Machine learning is the secret sauce for the recent success of self-driving cars and many other amazing computer capabilities. With machine learning, the computer isn’t programmed by humans to follow a fixed recipe as it was in traditional systems. Rather, the computer in effect teaches itself how to distinguish objects such as a bush from a person about to cross a street by learning from example pictures that label bushes and people.

Traditional software safety evaluations check the software’s recipe against its actual behavior. But with machine learning, there is no recipe — just a huge bunch of examples. So it is difficult to be sure how the car will behave when it sees something that differs even slightly from an example.

To take a simple example, perhaps a car will stop for pedestrians in testing because it has learned that heads are round, but it has trouble with unusual hat shapes. There are so many combinations of potential situations that it is nearly impossible to simply test the car until you are sure it is safe.

Statistically speaking, even 100 million miles of driving is not enough to show that these cars are even as safe as an average human driver. The Department of Transportation should address this fundamental problem head on and require rigorous evidence that machine-learning results are sufficiently safe and robust.

A key element of ensuring safety in machinery, except for cars, is independence between the designers and the folks who ensure safety. In airplanes, trains, medical devices and even UL-listed appliances, ensuring safety requires an independent examination of software design. This helps keep things safe even when management feels pressure to ship a product before it’s really ready.

There are private-sector companies that do independent safety certification for many different products, including cars. However, it seems that most car companies don’t use these services. Rather than simply trust car companies to do the right thing, the Department of Transportation should follow the lead of other industries and require independent safety assessments.

Wirelessly transmitted software updates can keep car software current. But will your car still be safe after a software patch? You’ve probably experienced yourself cell phone or personal computer updates that introduce new problems.

The Department of Transportation’s proposed policy requires a safety re-assessment only when a “significant” change is made to a vehicle’s software. What if a car company numbers a major new software update 8.6.1 instead of 9.0 just to avoid a safety audit? This is a huge loophole.

The policy should be changed to require a safety certification for every software change that potentially affects safety. This sounds like a lot of work, but designers have been dealing with this for decades by partitioning vehicle software across multiple independent computers — which guarantees that an update to a non-critical computer won’t affect unchanged critical computers. This is why non-critical updates don’t have to be recertified.

Changing an icon on the radio computer’s display? No problem. Making a “minor” change to the machine-learning data for the pedestrian sensor computer? Sorry, but we want an independent safety check on that before crossing the street in a winter hat.

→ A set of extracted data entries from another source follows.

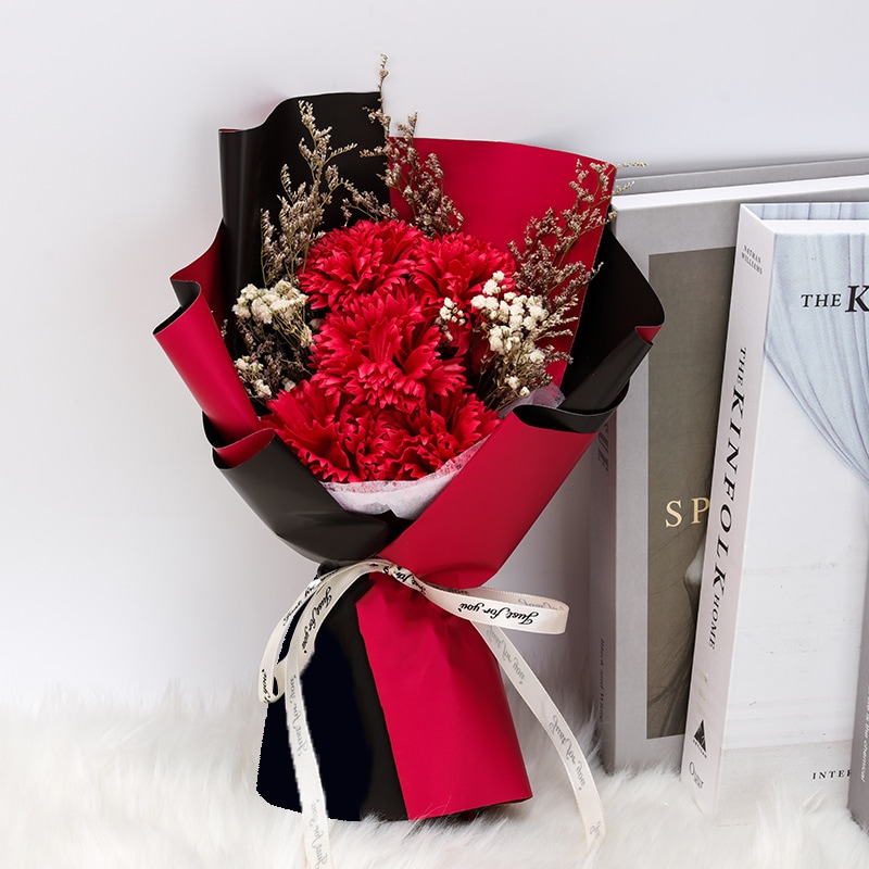卒業式 バレンタインデー女性の日母の乾燥ブーケカーネーション星で満たされた永遠の花ローズソープフラワーギフト
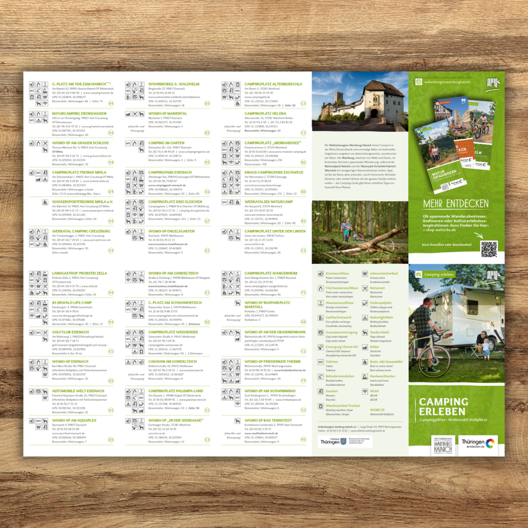 Die Broschüre gibt einen Überblick zu allen Camping- und Wohnmobilstellplätzen in der Welterberegion Wartburg Hainich.
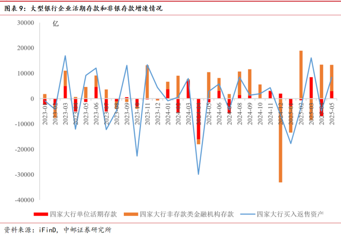 超储率等:我们测得2025年5月超储率1.40%,高于过去两年同期水平;录得5月大型银行NSFR为107.35%,连续5个月份低于2023年和2024年同期,预计6月NSFR或季节性上行。

Philip Koopman is an associate professor in the Department of Electrical and Computer Engineering at Carnegie Mellon University. Michael Wagner is a senior commercialization specialist at CMU’s National Robotics Engineering Center. They are co-founders of Edge Case Research, which specializes in autonomous vehicle safety assurance and embedded software quality. The views expressed here are personal and not necessarily those of CMU.

Notes: It is important to emphasize that the context for this piece is mainstream deployment of autonomous vehicles to the general public. It is not intended to address limited deployment with trained safety observer drivers. There are more issues that matter, but this discussion framed to fit the target length and appeal to a broad audience.